The evidence complained of by the appellant as incompetent was a statement made by Mrs. John Bailey, a witness for the Commonwealth, on her examination in chief, that the appellant, on the day of, the homicide in question, and while on the way to the place of its occurrence, sold and delivered to purchasers thereof three quarts of moonshine whiskey carried in his automobile. A like statement was obtained from the appellant -by the Commonwealth on his cross-examination. The appellant objected to this evidence when offered by the Commonwealth and stated by the witnesses and duly excepted to the overruling of his objections by the court. This evidence was clearly incompetent and necessarily prejudicial to the substantial rights of the appellant, as his sale of the liquor constituted a separate offense, or offenses, wholly disconnected from the homicide for which he was being tried; and moreover, his enforced confession of the sale of such liquor was incompetent for the additional reason, that it compelled him to incriminate himself. From no conceivable standpoint could this evidence have served any legitimate purpose in this case, as it did not serve to connect the appellant with the commission of the crime, was not needed to identify him as the guilty party nor did it in any way conduce to show his motive therefor. Watson v. Comlth., 132 Ky. 46; Romes v. Comlth., 164 Ky. 334; Herring v. Comlth., 200 Ky. 304; Partin & Allen v. Comlth., 197 Ky. 840. 'It follows from what has been said that the admission b-y the court of the evidence in question was reversible error.

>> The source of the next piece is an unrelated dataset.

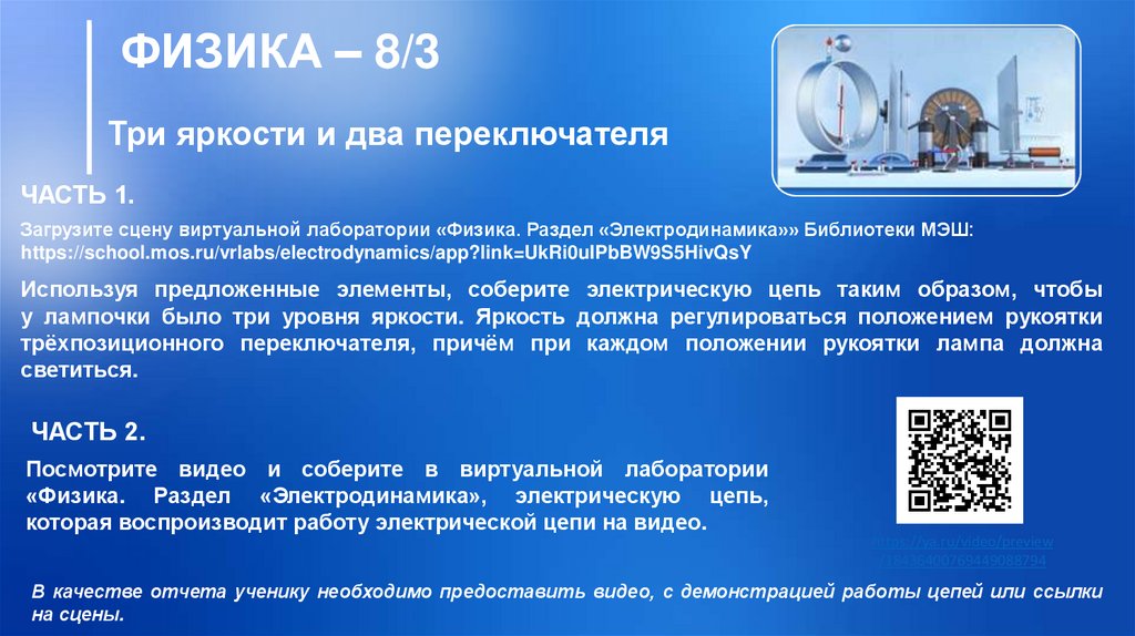 В качестве отчета ученику необходимо предоставить видео, с демонстрацией работы цепей или ссылки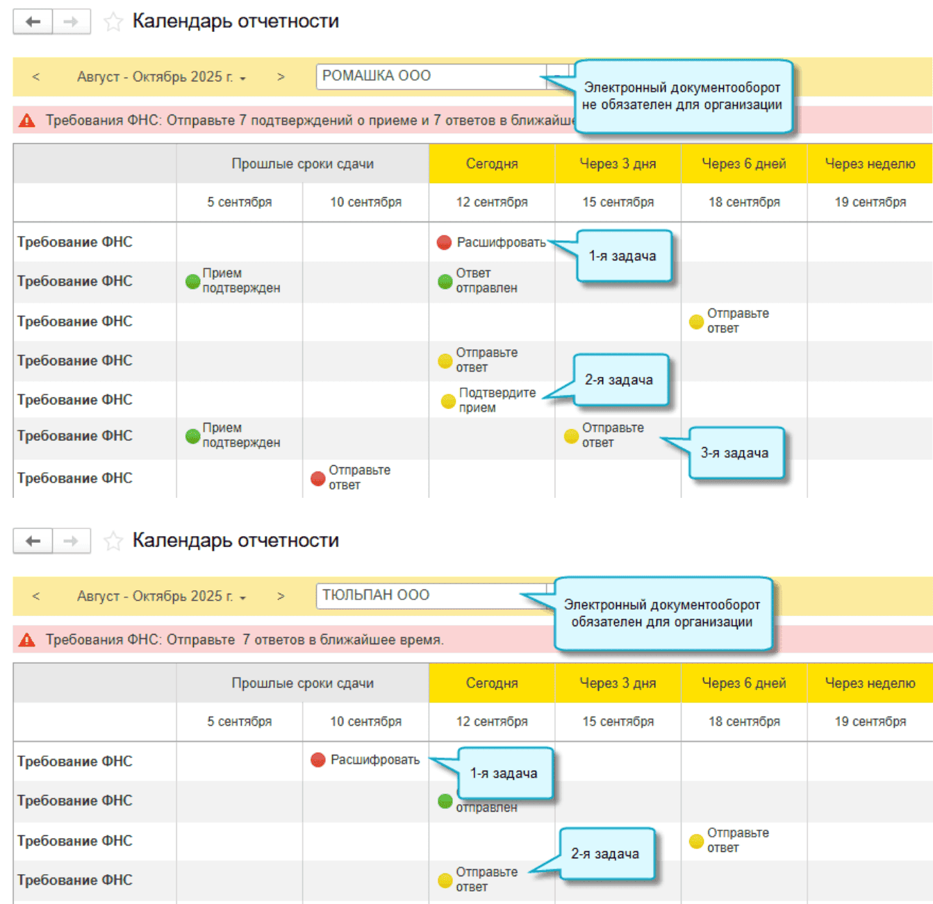 Состав задач по требованиям ФНС в календаре отчетности. Теперь в календаре различаются состав и сроки задач по требованиям ФНС в зависимости от того, обязателен ли для организации электронный документооборот с ФНС или нет.

It is equally clear that the trial court erred to- the prejudice of the appellant’s substantial right in permitting counsel to quote and discuss this evidence in argument to the jury. This will readily be understood from the following statements made by the counsel in his argument:
“The defendant is not only a murderer but a liquor seller as well. . . . The defendant’s day’s work was not yet done. He had sold his three quarts*63 of whiskey, had killed Abe Wireman and now he must kill Bill Wireman. . . . The crowd who were present at the first difficulty in which Abe Wireman was killed might have been liquor drinkers, but they were not liquor sellers. . . . That the taxpayers of the state could spend their money and erect courthouses until their, domes would kiss the clouds, but as long as men were permitted to bootleg whiskey the law against murder would never be enforced.”
These inflammatory and prejudicial comments thus made upon the incompetent evidence in question were calculated to divert and must have diverted the minds of the jury from the real issues under consideration and inflamed their passion and prejudices against the appellant to such an extent as prevented him from receiving a fair and impartial trial. Such arguments thus based upon incompetent and highly prejudicial evidence have repeatedly been condemned by this court, and the failure of the court when appealed to by the appellant to exclude such remarks from the consideration of the jury declared reversible error. Stroud v. Comlth., 160 Ky. 503; Childers v. Comlth., 161 Ky. 440; Slaughter v. Comlth., 149 Ky. 5.
As the case must again be tried we refrain from expressing an opinion as to the weight or effect of the evidence, further than to say that it seems sufficient to authorize the submission of the case to the jury. For the reasons indicated the judgment is reversed and cause remanded for a new trial, not inconsistent with the opinion.